> _What you need to do_
Reproduce exactly the lines of this material that begin at the line with "Front of Our" and end at the line with "Takayama Jinya, Takayama, Gifu", both included. Omit the pictures and everything else.

> _Stored data_

-*-*-

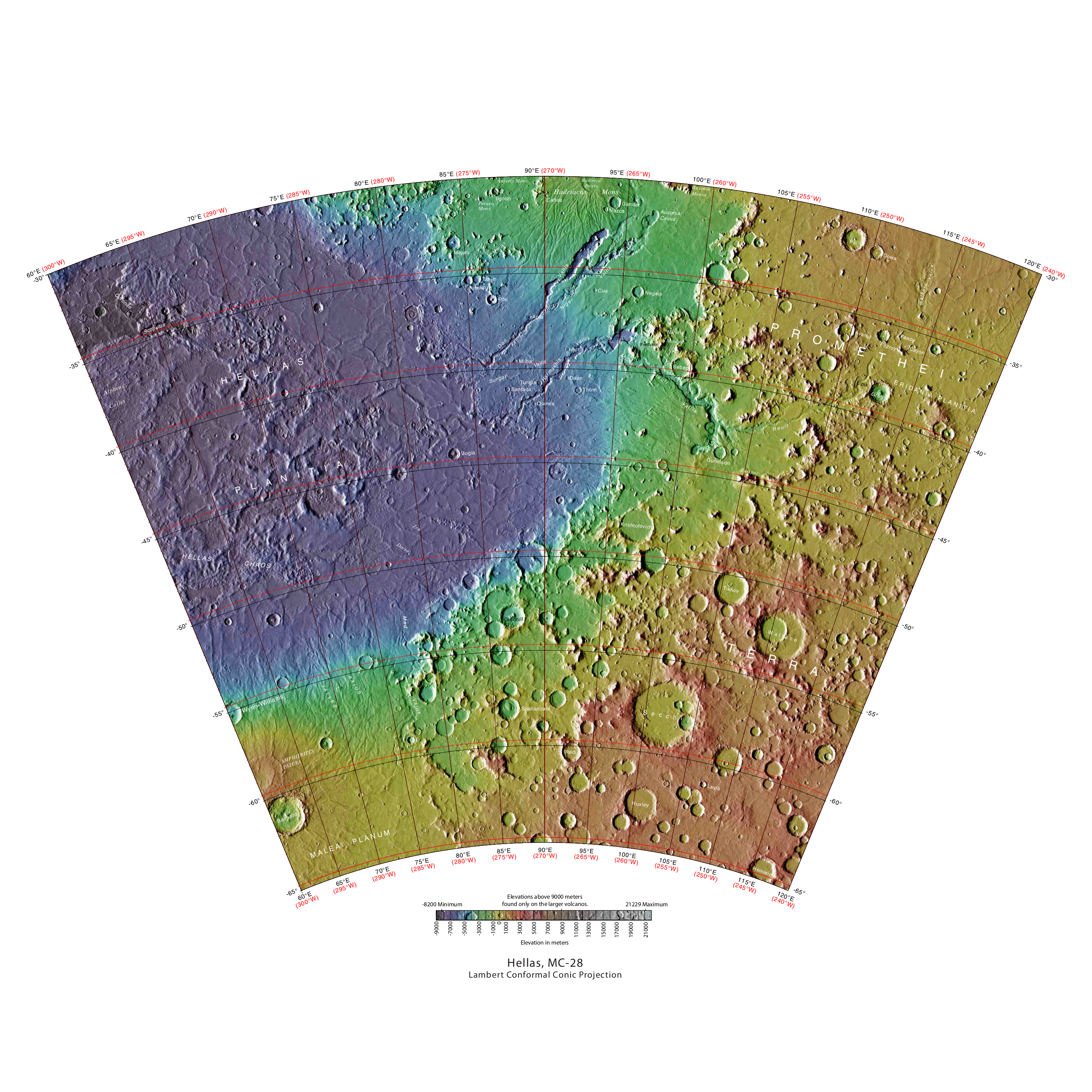 MOLA Topographic Map of Hellas Quadrangle (MC-28) on the planet Mars. NOTE: Converted the original PDF file to a PNG File (via GIMP v2.8.4 program) - and uploaded to Wikimedia Commons.
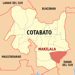 Map of the Cotabato showing the location of Makilala
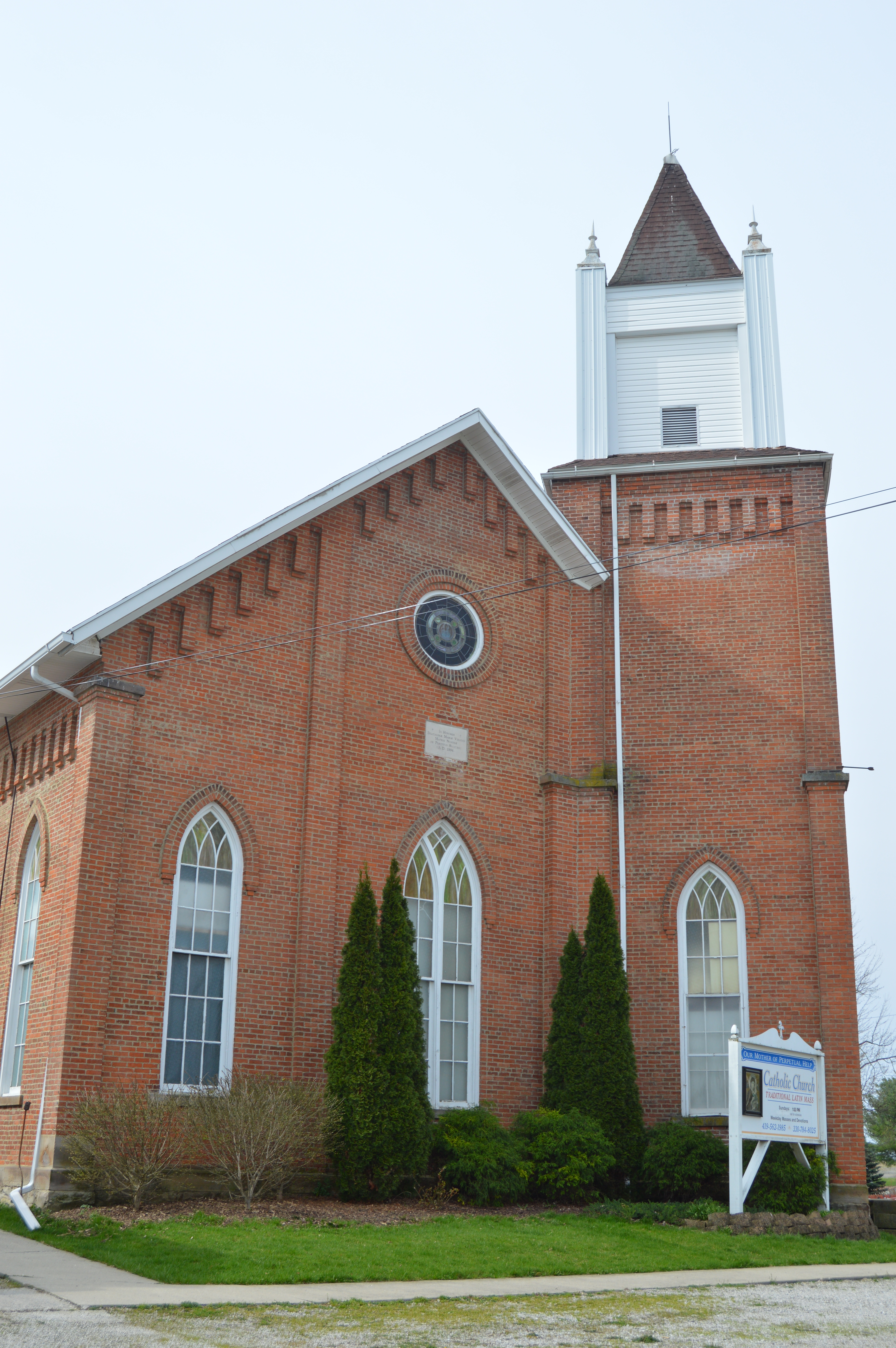 Front of Our Mother of Perpetual Help Church (a parish of a sedevacantist Catholic group, the Congregation of Mary Immaculate Queen), located at 4953 South Street in Sulphur Springs, Ohio, United States.
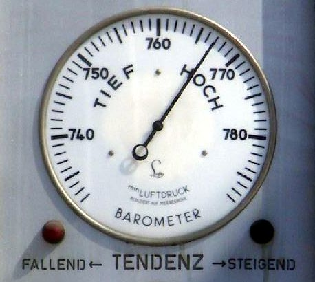 Dial showing pressure in millimeters of quicksilver
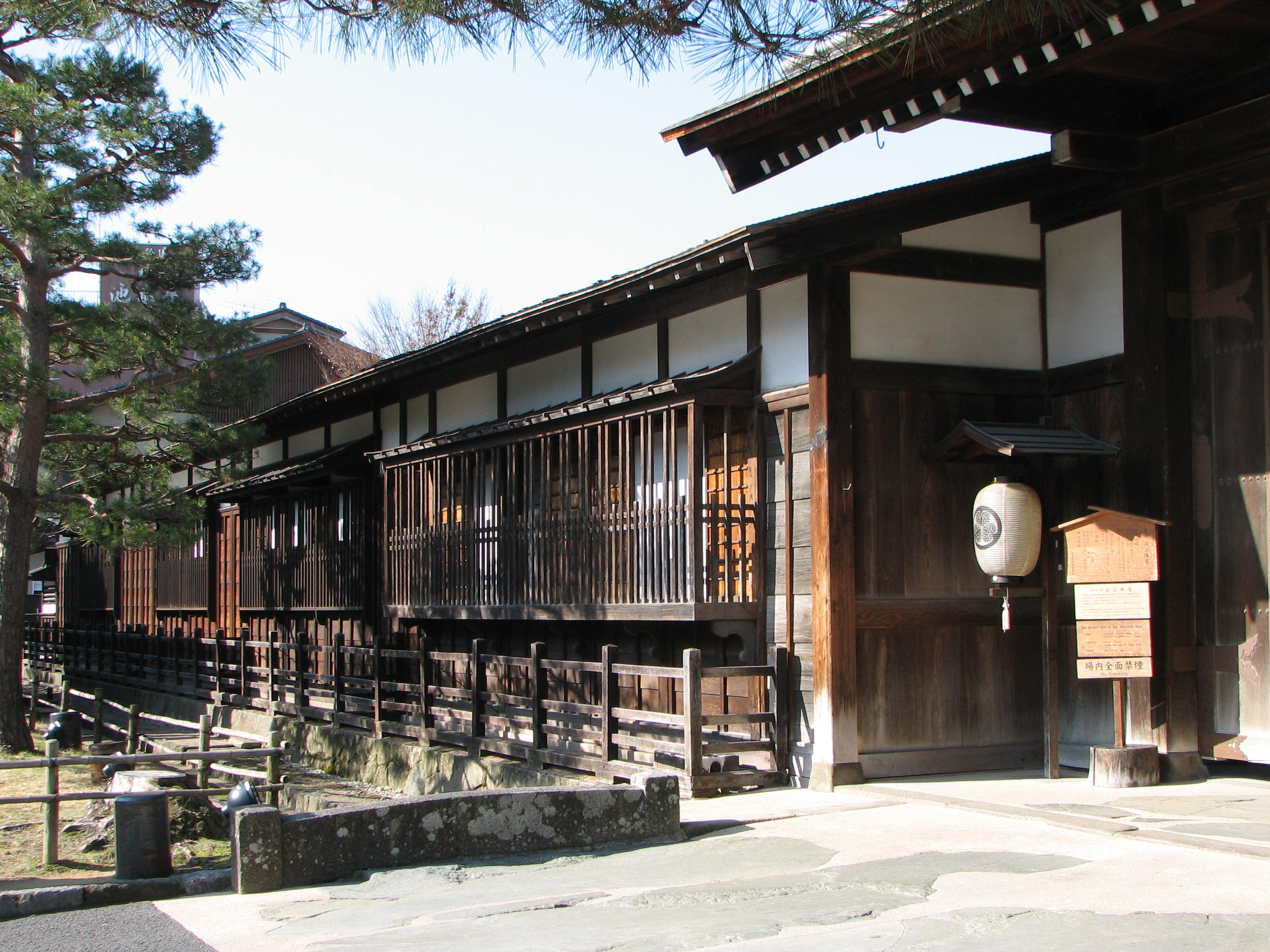 Takayama Jinya, Takayama, Gifu Prefecture, Japan
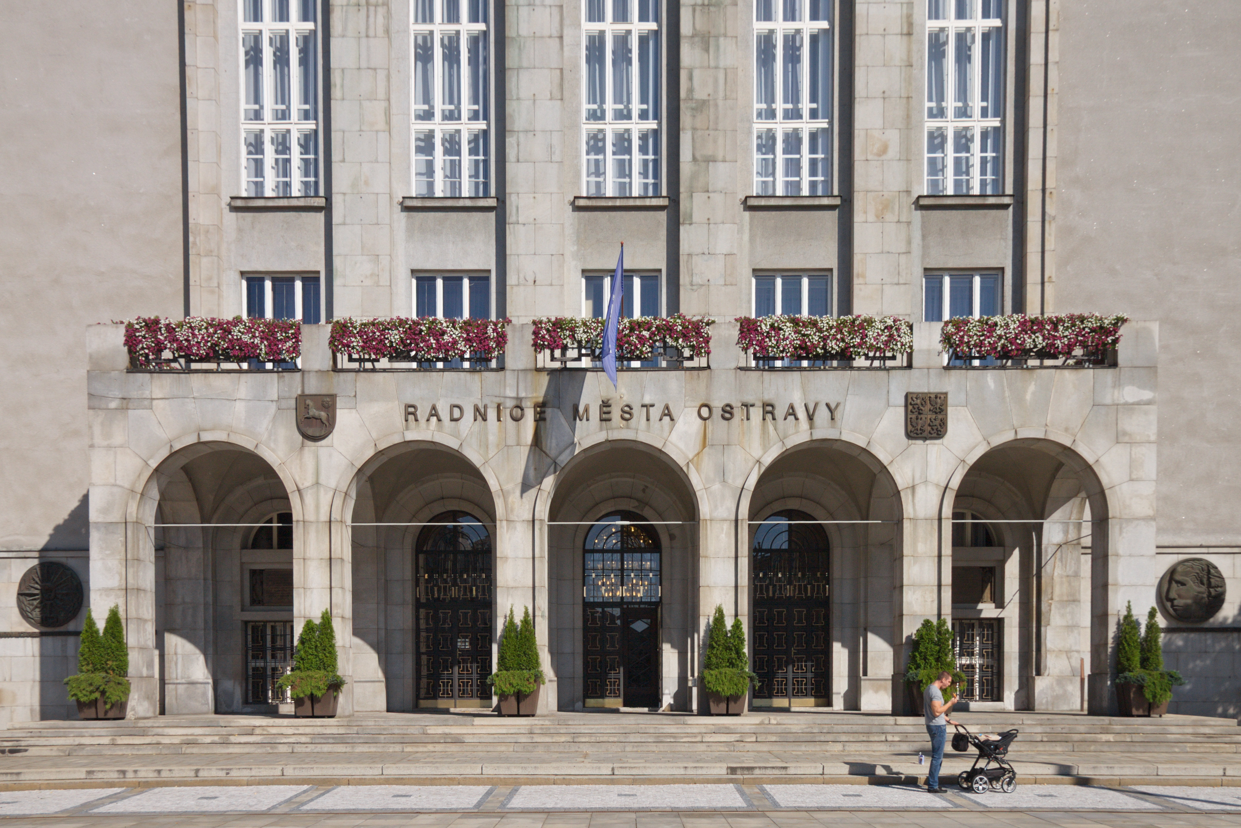 New Town Hall, Moravská Ostrava, Ostrava. Moravian-Silesian Region, Czech Republic.
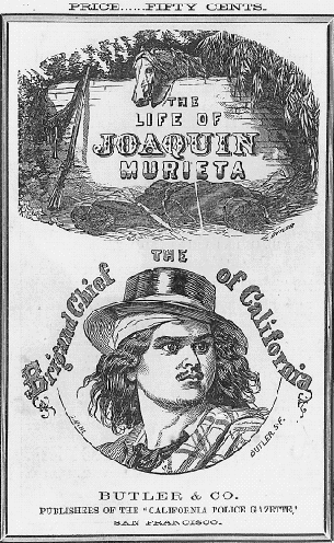 Cover of 1859 edition of The Life of Joaquin Murieta, the Brigand Chief of California. (Courtesy of the Bancroft Library, University of California)
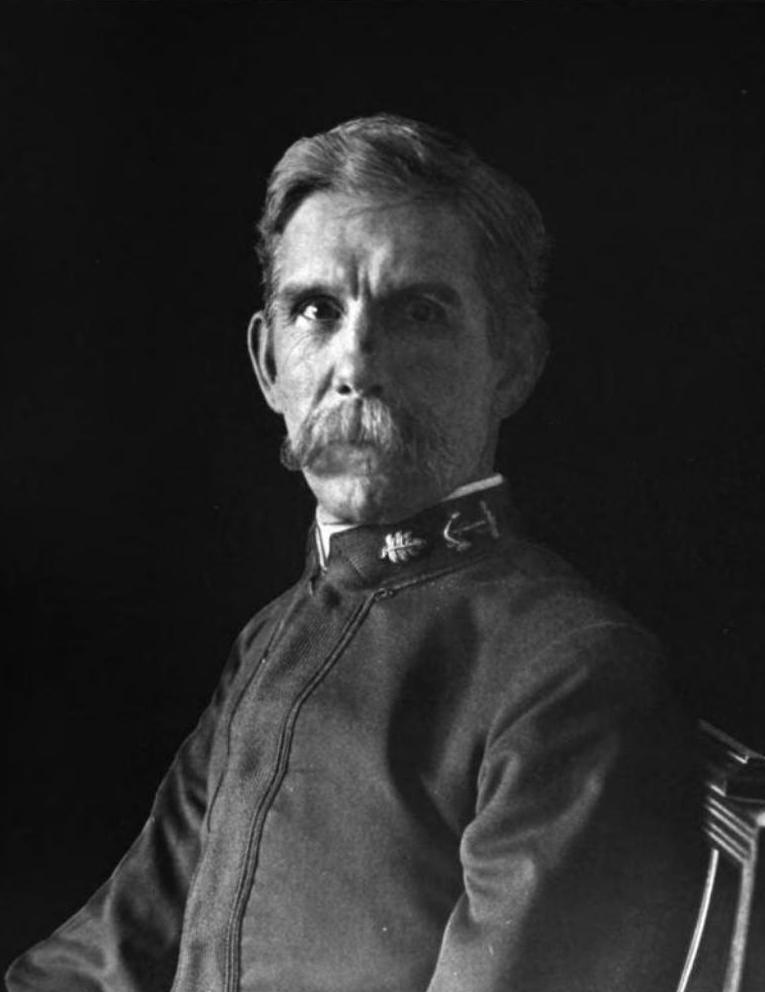 1902 portrait photograph of Richard Wainwright. Caption: "Commander Richard Wainwright - Superintendent of the United States Naval Academy at Annapolis, who was in command, during the Spanish War, of the famous Gloucester."
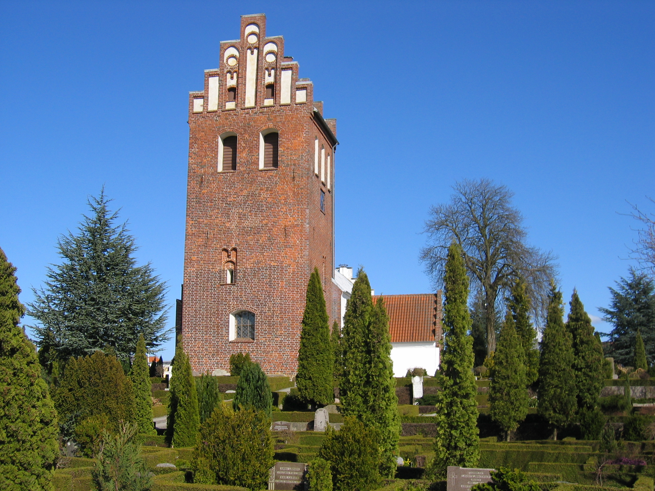 Græsted church, Græsted parish, Holbo Herred, Frederiksborg County, Denmark
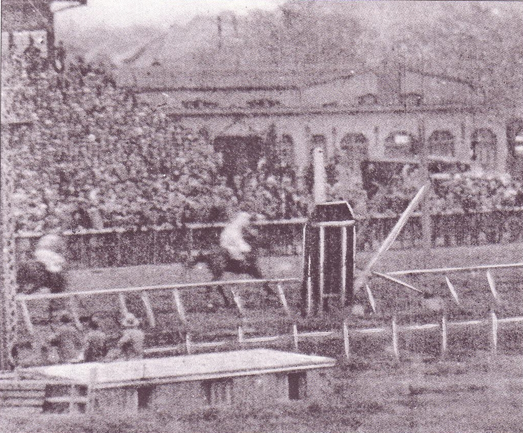 第二回東京優駿大競走（日本ダービー）、1着：カブトヤマ The 2nd Tokyo Yushun (Japanese Derby), won: Kabutoyama
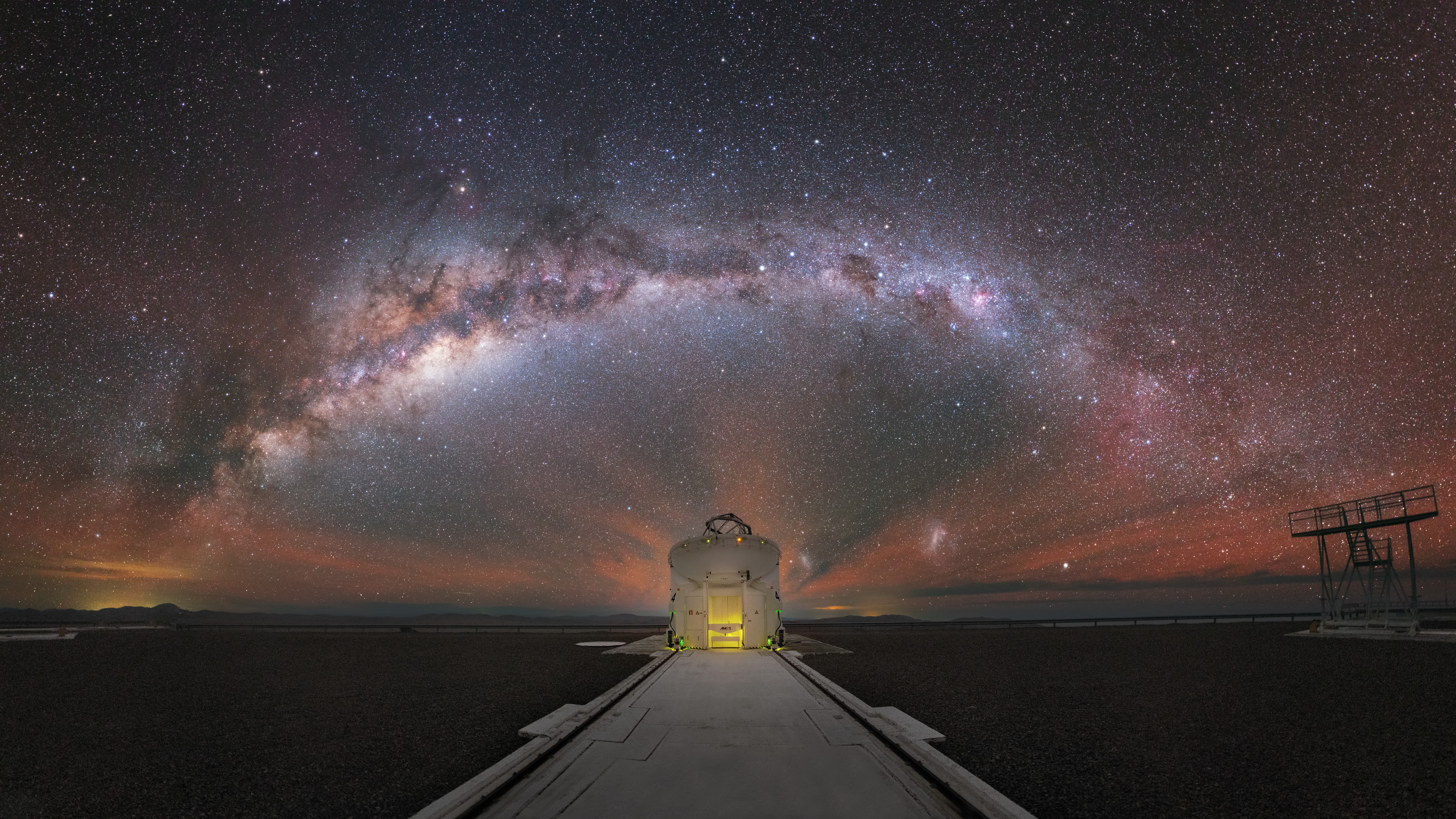 This beautiful image shows the dense heart of the Milky Way stretched out above one of the Auxiliary Telescopes of ESO's Very Large Telescope (VLT). Such dark and star-studded skies are typical of the VLT’s location in the Chilean Atacama Desert, which offers spectacular views such as this night after night for all of the site’s astronomers, visitors, and staff to enjoy. The VLT is made up of four large Unit Telescopes, and four smaller and movable Auxiliary Telescopes (one of which is shown here). These eight telescopes observe the cosmos both individually and as a team from various orientations and positions, allowing astronomers to study all manner of cosmic objects and phenomena in greater detail than ever before. The array has stimulated a new age of discoveries, with several notable scientific firsts — including the first image of a planet orbiting another star (known as an extrasolar planet or exoplanet), and tracking individual stars moving around the supermassive black hole at the centre of the Milky Way (an object named Sagittarius A*).

-*-*-

> _Answer area_
 Front of Our Mother of Perpetual Help Church (a parish of a sedevacantist Catholic group, the Congregation of Mary Immaculate Queen), located at 4953 South Street in Sulphur Springs, Ohio, United States.
 Dial showing pressure in millimeters of quicksilver
 Takayama Jinya, Takayama, Gifu Prefecture, Japan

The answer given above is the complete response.